[RECORDED DATA]
+===+
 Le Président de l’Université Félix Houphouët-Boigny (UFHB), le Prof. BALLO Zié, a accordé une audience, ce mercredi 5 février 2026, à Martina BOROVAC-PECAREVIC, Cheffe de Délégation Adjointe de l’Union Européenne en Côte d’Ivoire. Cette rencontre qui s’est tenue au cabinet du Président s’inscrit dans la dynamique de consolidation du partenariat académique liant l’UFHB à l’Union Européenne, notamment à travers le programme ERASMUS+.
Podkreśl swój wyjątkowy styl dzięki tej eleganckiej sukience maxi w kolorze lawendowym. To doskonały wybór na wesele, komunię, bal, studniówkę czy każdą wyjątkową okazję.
+===+
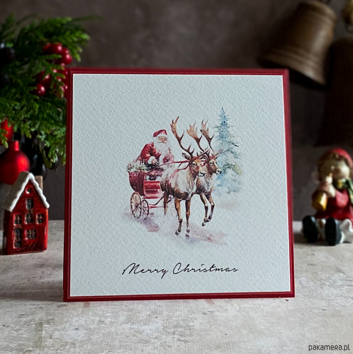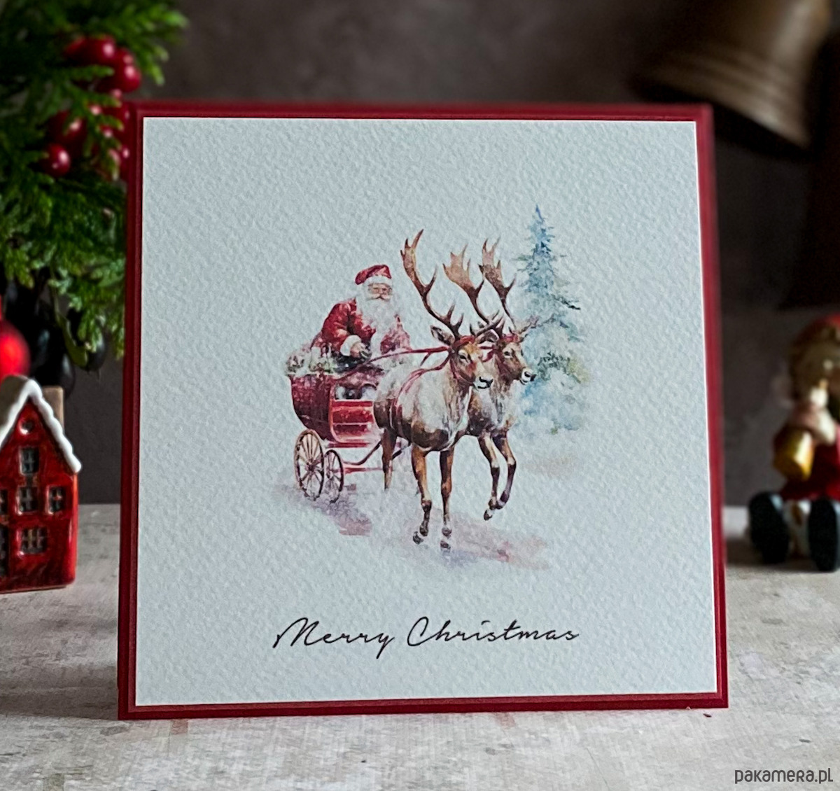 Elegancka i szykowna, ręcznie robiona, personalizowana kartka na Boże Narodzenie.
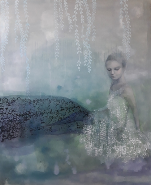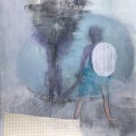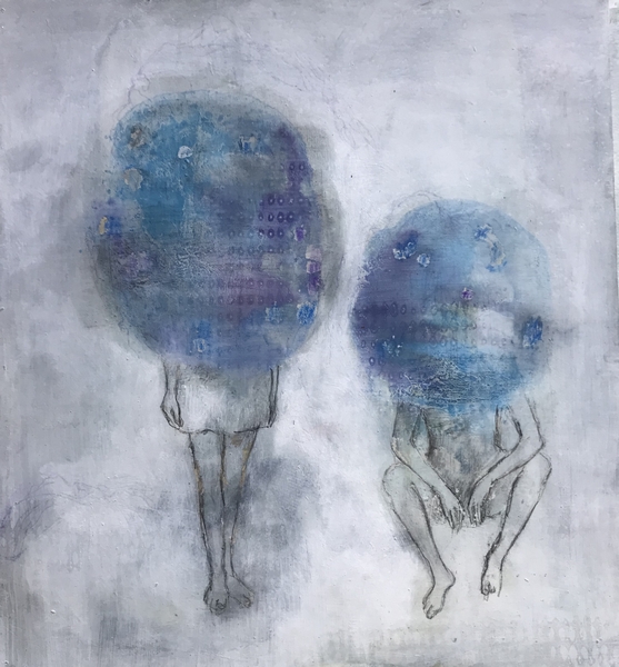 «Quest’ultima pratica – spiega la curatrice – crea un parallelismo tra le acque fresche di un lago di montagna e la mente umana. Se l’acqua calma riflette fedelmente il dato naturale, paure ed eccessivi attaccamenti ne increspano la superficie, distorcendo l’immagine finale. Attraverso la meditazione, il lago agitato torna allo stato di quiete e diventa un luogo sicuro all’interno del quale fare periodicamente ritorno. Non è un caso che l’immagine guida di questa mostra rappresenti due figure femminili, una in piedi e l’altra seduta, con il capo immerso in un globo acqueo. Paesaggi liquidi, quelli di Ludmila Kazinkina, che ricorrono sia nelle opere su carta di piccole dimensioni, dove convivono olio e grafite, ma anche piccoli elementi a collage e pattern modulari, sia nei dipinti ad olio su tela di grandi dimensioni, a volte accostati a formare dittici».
+===+
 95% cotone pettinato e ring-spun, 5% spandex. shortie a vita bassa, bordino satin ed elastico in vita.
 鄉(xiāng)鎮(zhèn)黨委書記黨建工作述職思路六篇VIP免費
+===+
[WORK REQUIRED] Only one stretch of the entries above is wanted: the lines from the one containing "Le Président de" through the one containing "Podkreśl swój wyjątkowy". Please reproduce it exactly.

[EXERCISE ANSWER]
 Le Président de l’Université Félix Houphouët-Boigny (UFHB), le Prof. BALLO Zié, a accordé une audience, ce mercredi 5 février 2026, à Martina BOROVAC-PECAREVIC, Cheffe de Délégation Adjointe de l’Union Européenne en Côte d’Ivoire. Cette rencontre qui s’est tenue au cabinet du Président s’inscrit dans la dynamique de consolidation du partenariat académique liant l’UFHB à l’Union Européenne, notamment à travers le programme ERASMUS+.
Podkreśl swój wyjątkowy styl dzięki tej eleganckiej sukience maxi w kolorze lawendowym. To doskonały wybór na wesele, komunię, bal, studniówkę czy każdą wyjątkową okazję.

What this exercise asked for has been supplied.